# Global & local vertical scale estimation

## Summary

Process results of progressive hypsometry (PH) for a collection of regions and their ensemble of "supercatchments" to identify the global and local vertical scales of each. 

Each supercatchments PH data file provides a set of $h_\mathrm{outlet}$ and $h_\mathrm{bench}$ values in tab-separated form. This table of PHBs (progressive hypsometry benches) is converted into an vector of $\Delta{h} = h_\mathrm{outlet}-h_\mathrm{bench}$ values.

Kernel density estimation is used to compute a smooth frequency distribution (pdf) of $\Delta{h}$ assuming a Gaussian kernel with a Silverman bandwidth (narrowed by 75%).

The peaks of this distribution, which are the modes of the pdf, are located, and the largest two, which likely constitute the global and local vertical scales, are chosen.
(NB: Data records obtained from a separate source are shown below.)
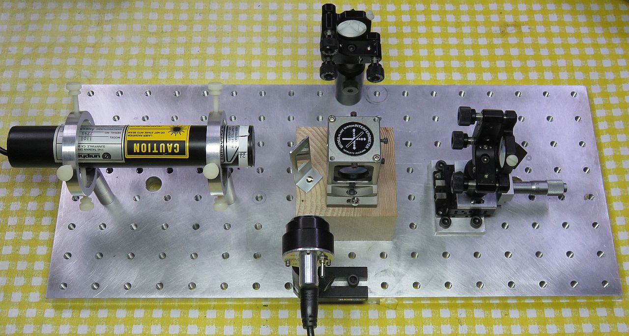 The experimental setups will enable various interferometer configuration to be easily implemented and then tested with one arm being on a micrometer linear stage and/or with some other device or material that can vary the path length precisely. The light source is a Class II 633 nm Helium-Neon laser (HeNe for short) with an output power of between 0.4 and just over 1 mW. The basic detector is a biased photodiode connected to a dual channel digital oscilloscope. Variations and enhancements to these will be offered as options.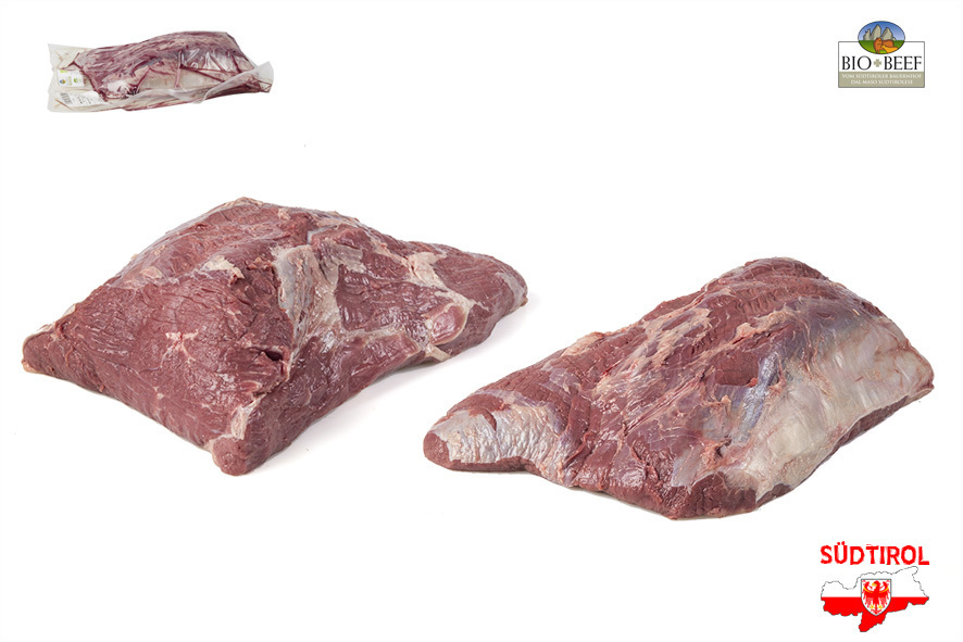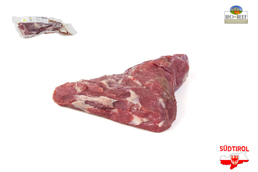 Rindfleisch gezüchtet von Südtiroler Bergbauern nach Richtlinien der biologischen Landwirtschaft. Nur tradizionelle Rassen der Alpen, Schlachtalter 10-12 Monate, nur Kalbinnen oder Ochsen, 2 Wochen in Hälften abgehangen. Das falsche Filet, auch Meisel genannt ist ein sehr magerer Muskel der Schulter und eignet sich fürs Gulasch oder als Tellerfleisch.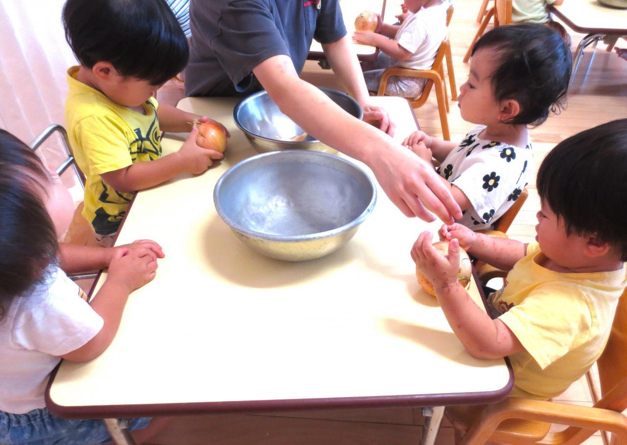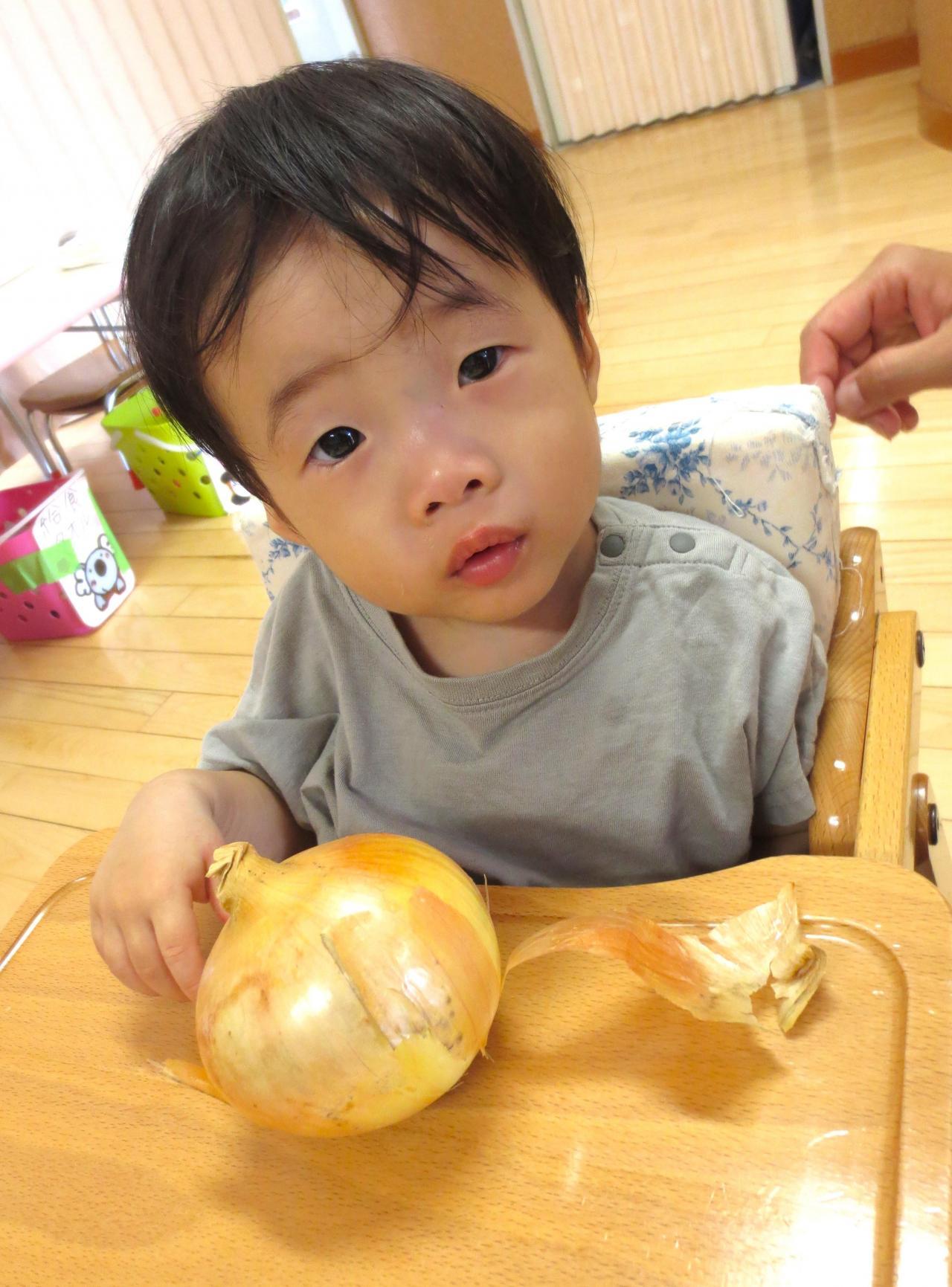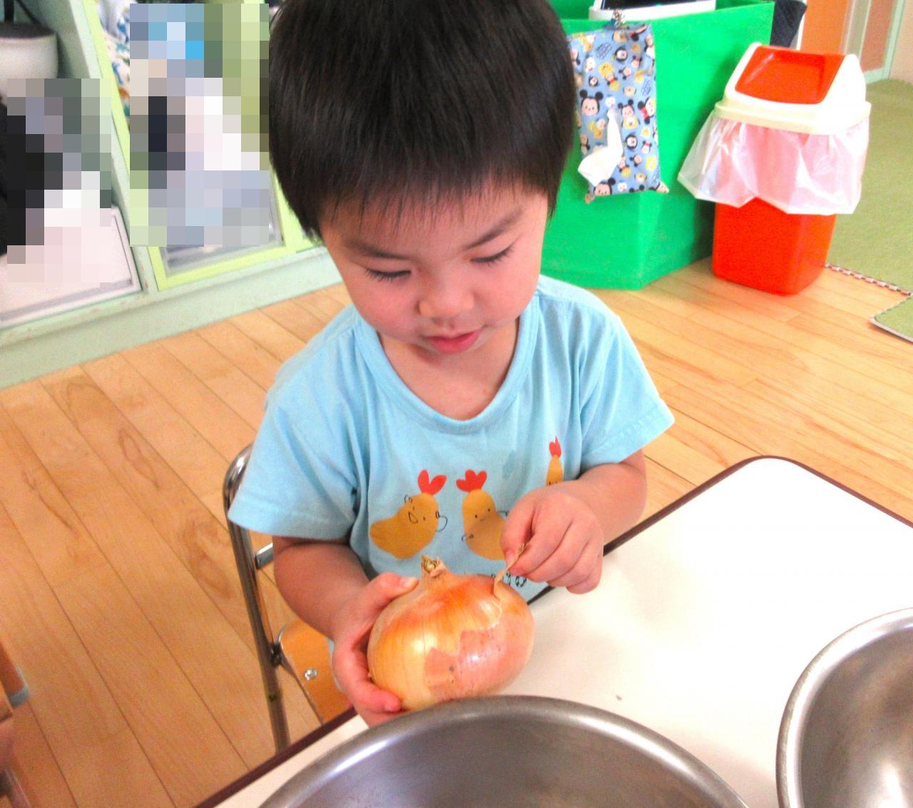 もも組・・・「玉ねぎの皮むき」今月は玉ねぎの皮むきに挑戦したもも組さん♪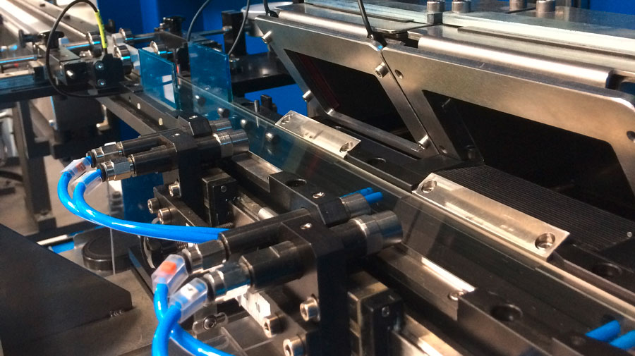 Die Mechanik des QMTInspect-200 wurde komplett überarbeitet, um die Handhabung von Teilen zu verbessern und eine viel genauere Einstellung zu ermöglichen. Diese Modifikationen ermöglichen eine Erhöhung der Rate um 50% (20.000 Teile pro Stunde für Teile mit einer Länge von 20 mm) sowie eine Verkürzung der Einstellzeit beim Ändern der Referenz.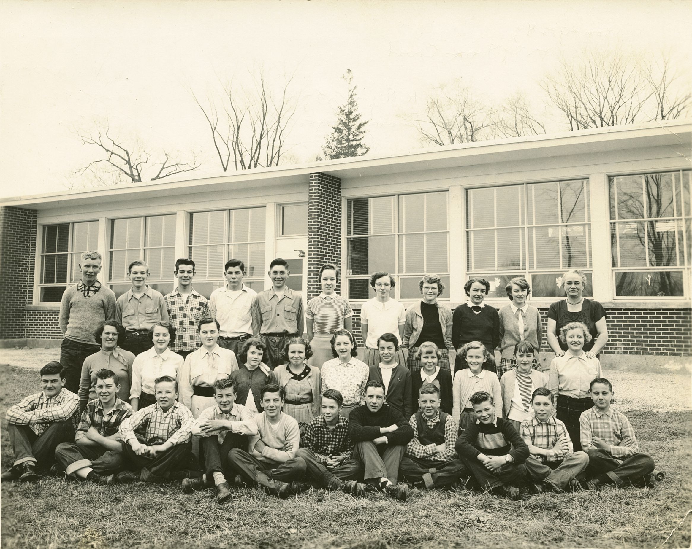 Photo of the senior room class of 1955-56 at the Painswick School with teacher Mrs. Martin. Pictured from left to right, back row: Jack Nesbitt (grade 8), Gerald Chard (grade 7), Barry Finnis (grade 8), Ross Webb (grade 8), Ivan Atkinson (grade 8), Colleen Campbell (grade 7), Joyce Pratt (grade 8), Iris Webb (grade 8), Marilyn Reynolds (grade 8), Donna Chard (grade 8), and teacher Mrs. Martin. Middle row: Phoebe Randall (grade 8), Charlotte McKeown (grade 8), Helen Atkinson (grade 8), Cecilia Reynolds (grade 7), Shirley Kelly (grade 7), Katherine Borneman (grade 7), Marion Fairchild (grade 7), Barbara Penman (grade 7), Carol Shaw (grade 7), Gail Smith (grade 8), and Valerie Westman (grade 7). Front row: Murray Irwin (grade 7), Larry Boyd (grade 8), Michael Reynolds (grade 8), Larry Skinner (grade 8), Bill Burton (grade 8), George Martin (grade 8), Kenneth Borneman (grade 7), Anthony Knowles (grade 7), Harvey Skinner (grade 7), Peter Sisler (grade 7), and Ronnie Batters (grade 7). Missing from the photo is Alex Charpentier (grade 7). Photo and names were provided to Bill Warnica by Valerie Francis (formerly Valerie Westman).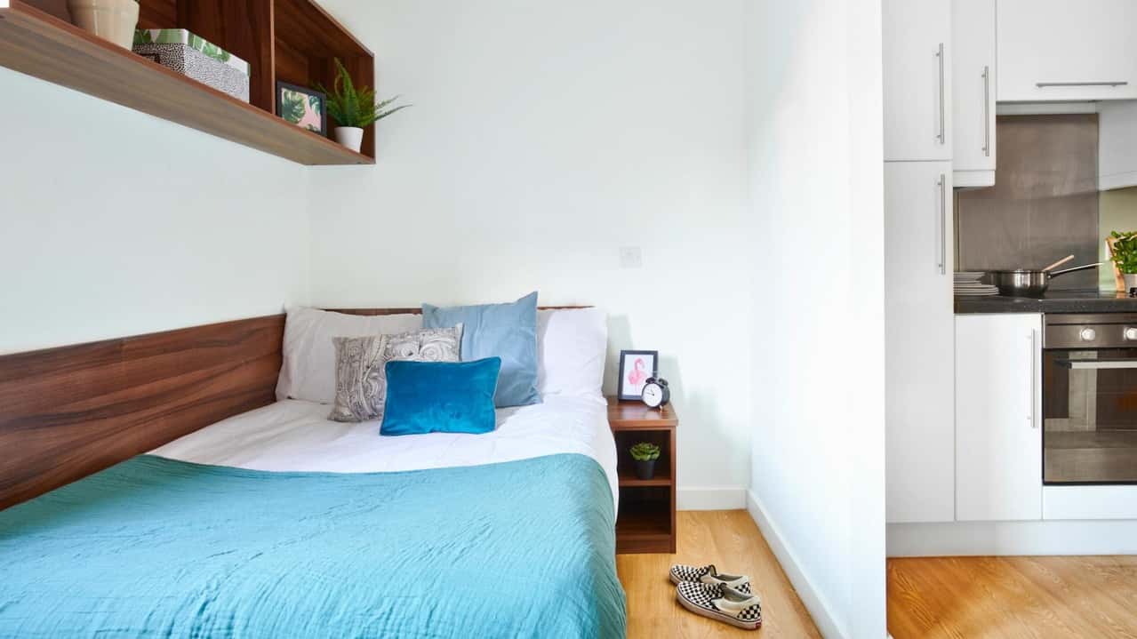 The Premium Studio provides a stylish and private living space. This studio includes a 3/4 double bed, wardrobe, bedside table, and shelving unit. The central heating ensures comfort throughout the year. With a large desk and chair, bookshelves, and a noticeboard, it’s perfect for studying. Enjoy the comfort of a private ensuite washroom. The open-plan kitchen is equipped with a fridge/freezer, microwave, toaster, kettle, oven, and hob. The lounge area with a chair and Freeview TV completes the space. Book your Premium Studio today!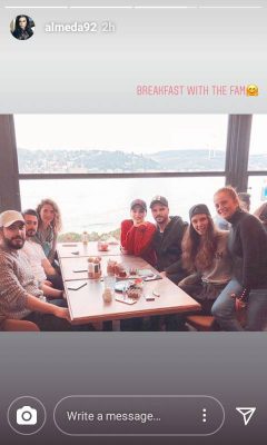Ditën e djeshme në media qarkulloi lajmi se partneri i prezantueses së “Dancing With The Stars”, Tolgahan ishte shtruar në spital në gjendje të rendë, për shkak të një sëmundje. Almeda i hodhi poshtë këto fjalë, teksa tregoi për revistën “Who” se ai kishte thjesht këputje për shkak të një vaksine mbrojtëse. Sot duket se gjendja e tij shëndetësore është për mrekulli dhe po kalon momente të lumtura pranë bukuroshes së tij, miqve dhe familjarëve. Këtë e tregon një foto e postuar në ‘Instagram’ nga Almeda e cila shkruan: “Mëngjes me familjen”. Pamja që të ofron kjo foto është mahnitëse.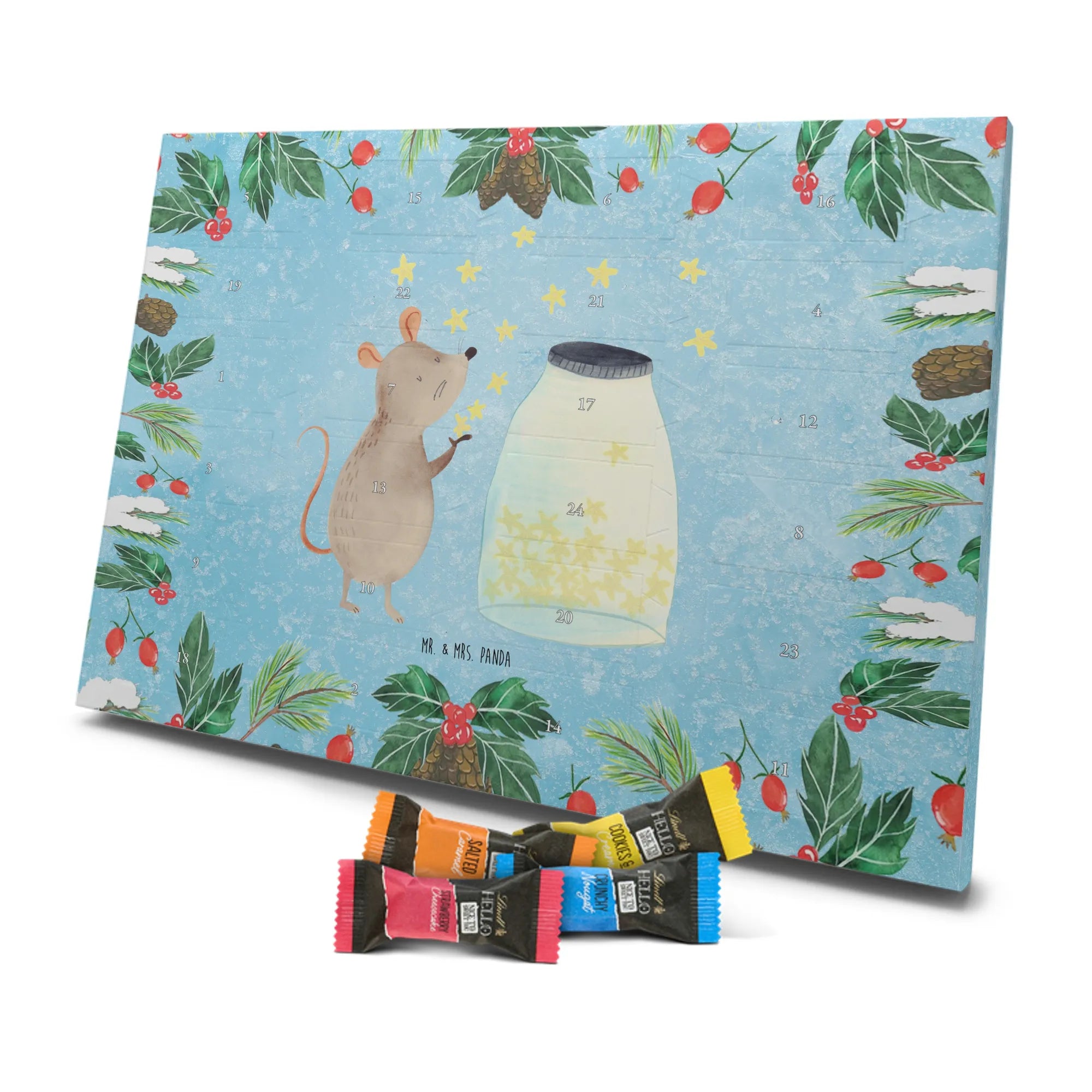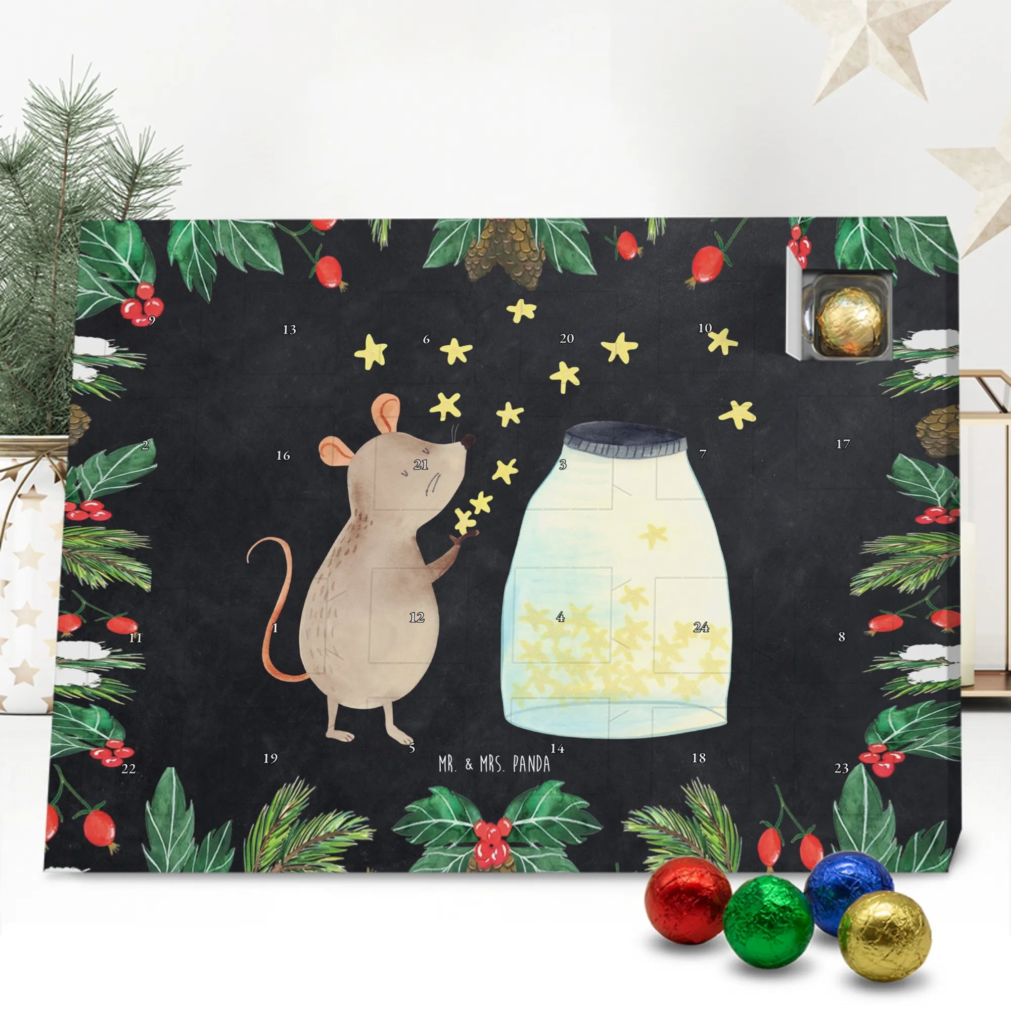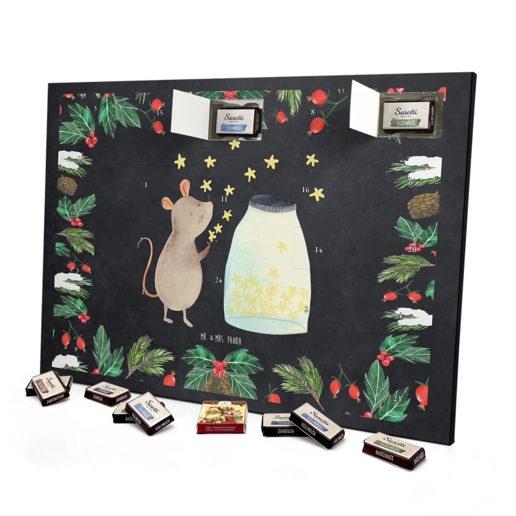 Wunderschöner Adventskalender mit Schokolade von Mr. & Mrs. Panda – für alle, die Advent und Design lieben. Dieser Adventskalender mit Schokolade ist liebevoll bedruckt mit wunderschönen Motiven & Sprüchen von Mr. & Mrs. Panda und ist nicht personalisierbar, aber mit viel Liebe zum Detail gefertigt. Brillante Druckqualität mit seidenmatter Oberflächenveredelung sorgt für einen edlen Look, und die bedruckten Seitenflächen geben dem Kalender eine besondere Optik. Maße: 233 mm x 178 mm x 24 mm. Dank seiner stabilen Verarbeitung kannst du ihn aufstellen oder ganz einfach aufhängen – Besonderheit: kann aufgehängt oder aufgestellt werden. Gefüllt mit MARKENNAMEN Schokolade und leckeren Schokoladenkugeln, bringt er jeden Tag ein kleines Glückserlebnis. Wichtige Hinweise: (Kann Spuren von Haselnüssen, Mandeln, Gluten und Soja enthalten!), bitte kühl und trocken lagern. Ob als Geschenk, Mitbringsel oder Adventsdeko – dieser Kalender zaubert ein Lächeln und sorgt für gemütliche Vorfreude. Viel Freude beim Entdecken der süßen Überraschungen wünscht dir Mr. & Mrs. Panda!

The kde pdf is then modeled through least-squares curve-fitting using two Gaussians, whose means are initiated at these two modes respectively, and whose means, standard deviations and relative magnitude are permitted to vary.

The result is an estimate of the global and local scales and their spread (one standard deviation) for each supercatchment. These results are gathered into one summary table and exported as a text file.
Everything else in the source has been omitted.